### Data for this exercise ###
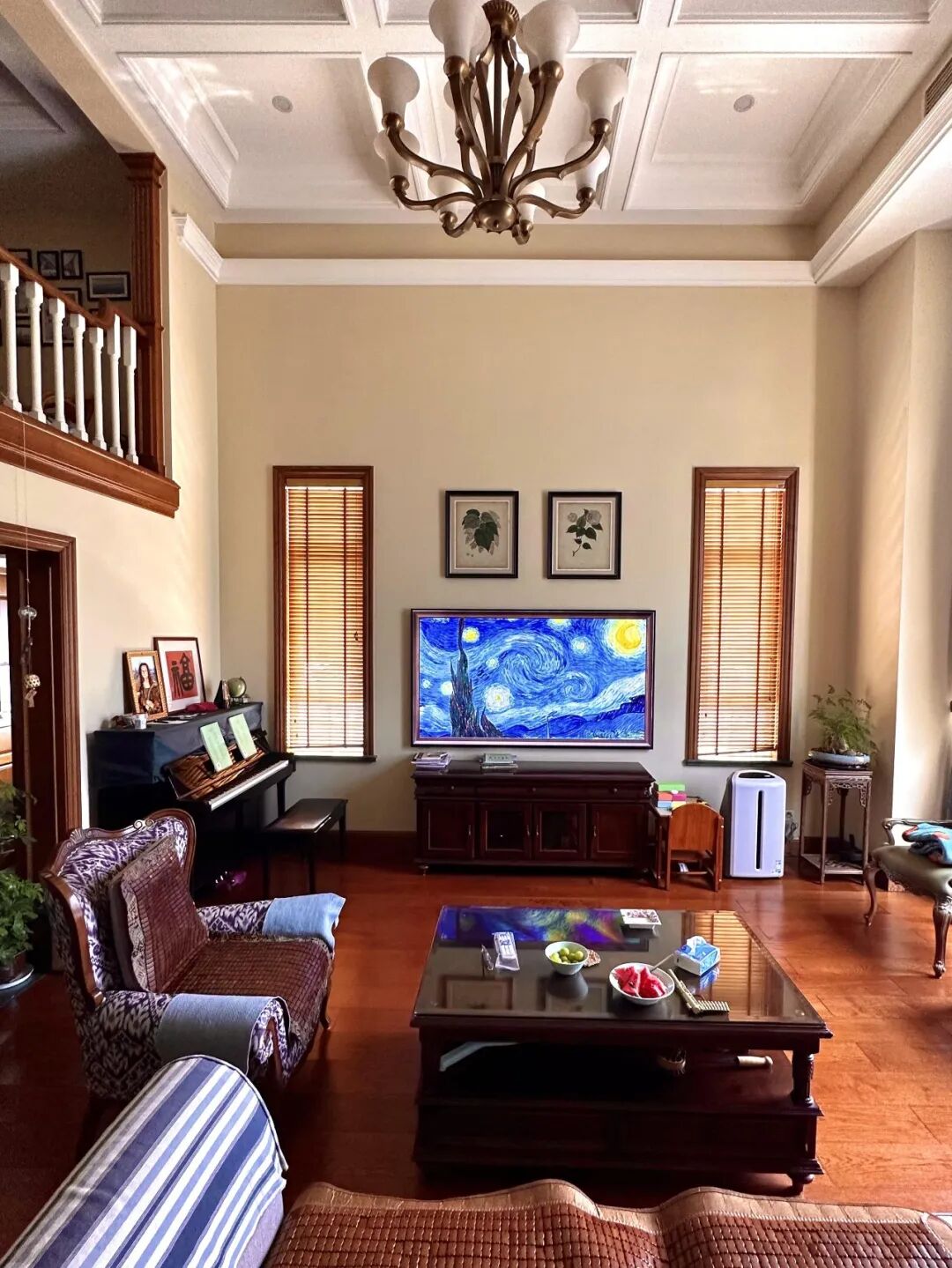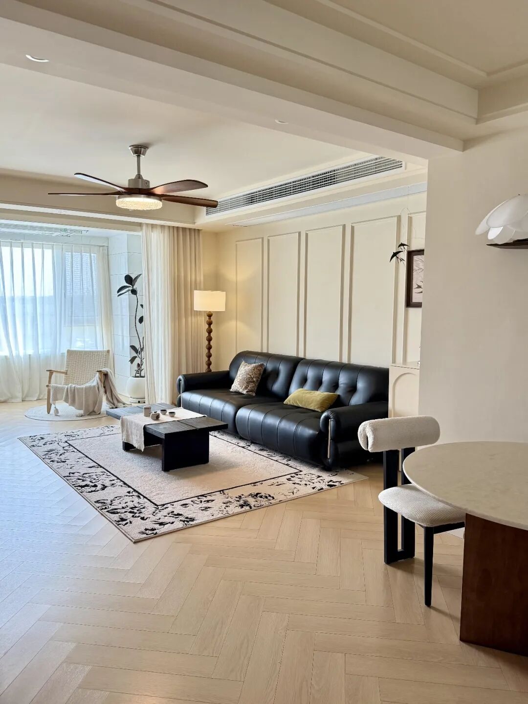 网友@小小美好 说,给客厅安排的吊扇灯,住了一年多,还是觉得这种吊扇最舒适,春秋季节,天气不冷不热时,开空调太凉,不开又有点闷,打开吊扇,微风徐徐。
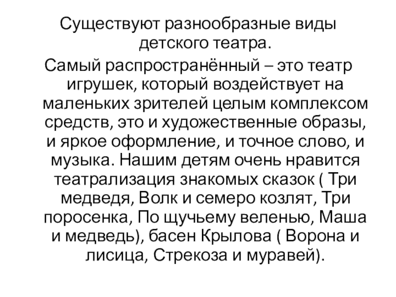 Существуют разнообразные виды детского театра. Самый распространённый – это театр игрушек, который воздействует на маленьких зрителей целым
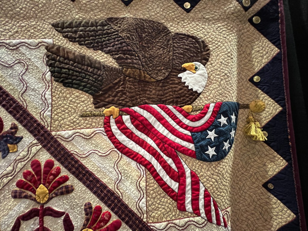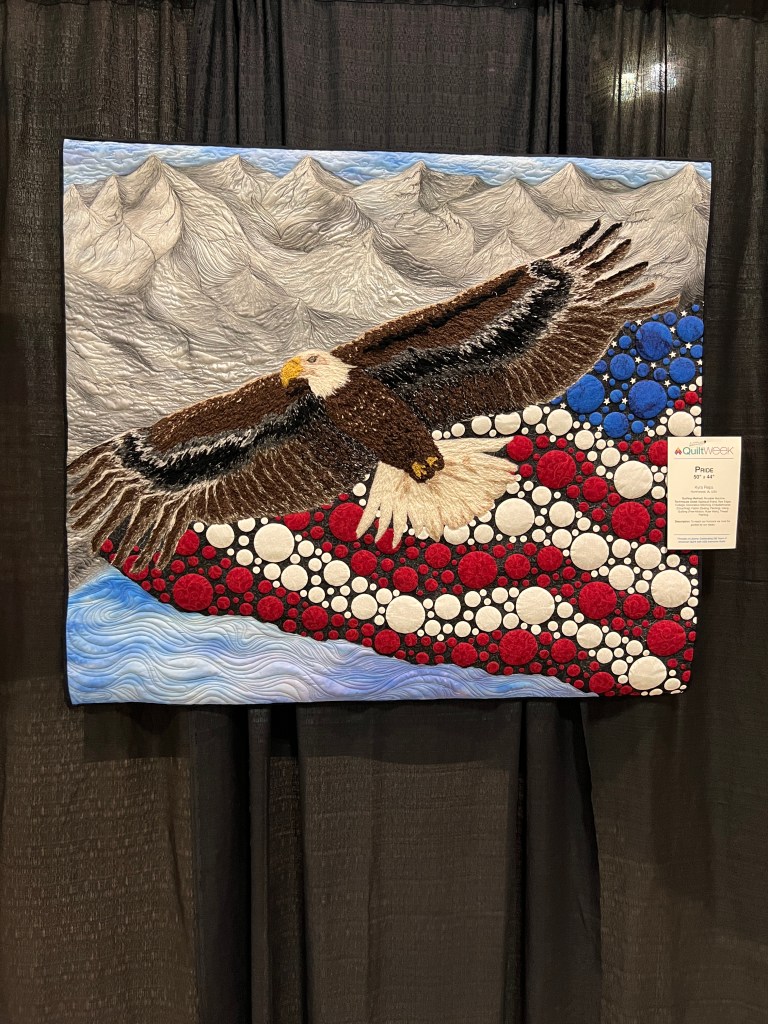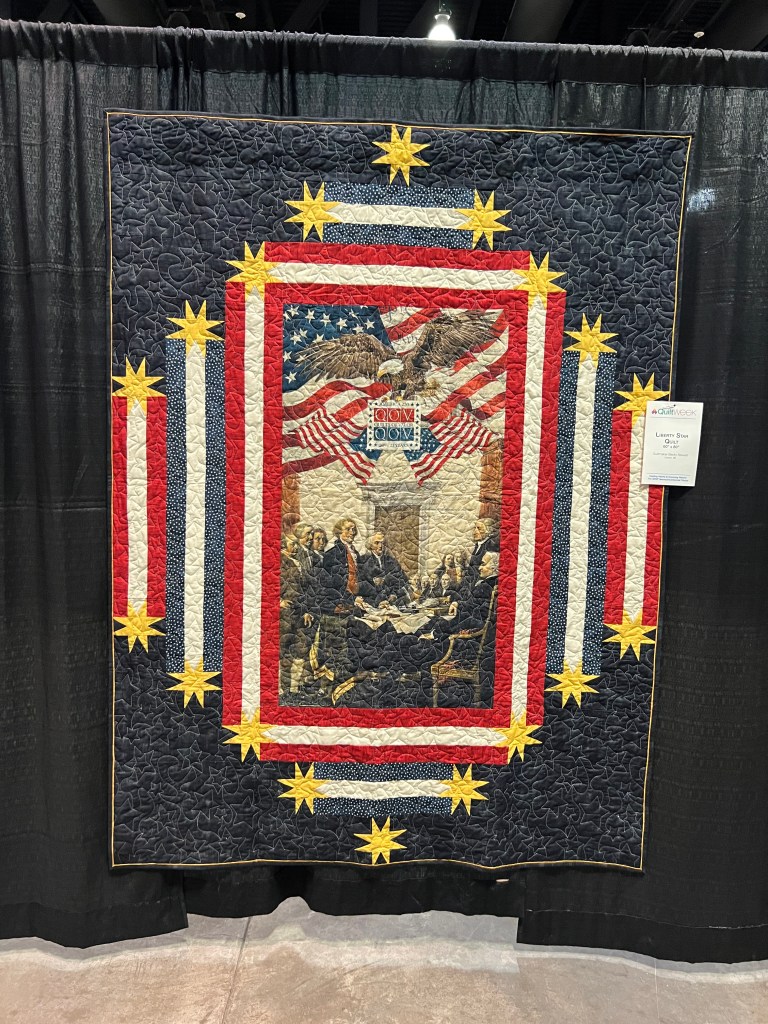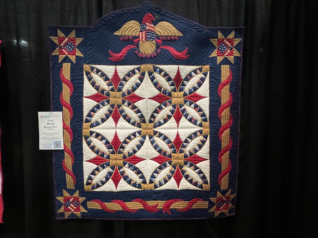 Then, of course, the patriotic exhibits. I’m not exactly sure what the challenges were, and even our tour guide got it wrong! There were a dozen quilts that seem to use the same panel, quilts from the show teachers, and then general quilts; also, American landscapes. One kind of ran on to the next, in a glorious sort of way.
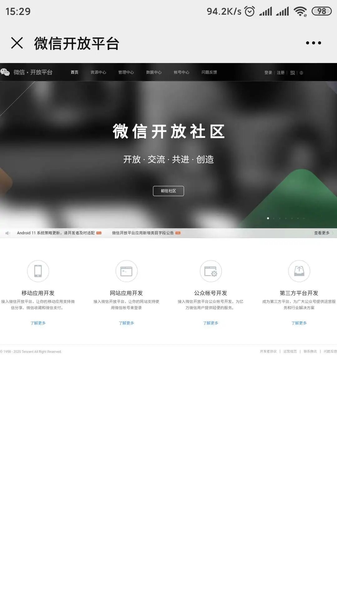 请使用微信扫描二维码关注 “微信开放社区” 公众号
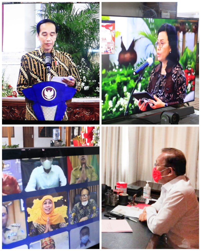 Tondano – Bupati Minahasa Dr. Ir. Royke Octavian Roring, M.Si dan Sekretaris Daerah Kab. Minahasa Frits Muntu, S.Sos mengikuti acara Penyerahan Daftar Isian Pelaksanaan Anggaran (DIPA) dan Buku daftar Alokasi Transfer ke Daerah Dan Dana Desa Tahun 2021 Oleh Presiden Republik Indonesia yang diselenggarakan lewat Video Conference menggunakan Aplikasi Zoom. Rabu, 25 November 2020.
###
Required work:
A verbatim copy of the listing is required, with all pictures left out.

Expected output:
 网友@小小美好 说,给客厅安排的吊扇灯,住了一年多,还是觉得这种吊扇最舒适,春秋季节,天气不冷不热时,开空调太凉,不开又有点闷,打开吊扇,微风徐徐。
 Существуют разнообразные виды детского театра. Самый распространённый – это театр игрушек, который воздействует на маленьких зрителей целым
 Then, of course, the patriotic exhibits. I’m not exactly sure what the challenges were, and even our tour guide got it wrong! There were a dozen quilts that seem to use the same panel, quilts from the show teachers, and then general quilts; also, American landscapes. One kind of ran on to the next, in a glorious sort of way.
 请使用微信扫描二维码关注 “微信开放社区” 公众号
 Tondano – Bupati Minahasa Dr. Ir. Royke Octavian Roring, M.Si dan Sekretaris Daerah Kab. Minahasa Frits Muntu, S.Sos mengikuti acara Penyerahan Daftar Isian Pelaksanaan Anggaran (DIPA) dan Buku daftar Alokasi Transfer ke Daerah Dan Dana Desa Tahun 2021 Oleh Presiden Republik Indonesia yang diselenggarakan lewat Video Conference menggunakan Aplikasi Zoom. Rabu, 25 November 2020.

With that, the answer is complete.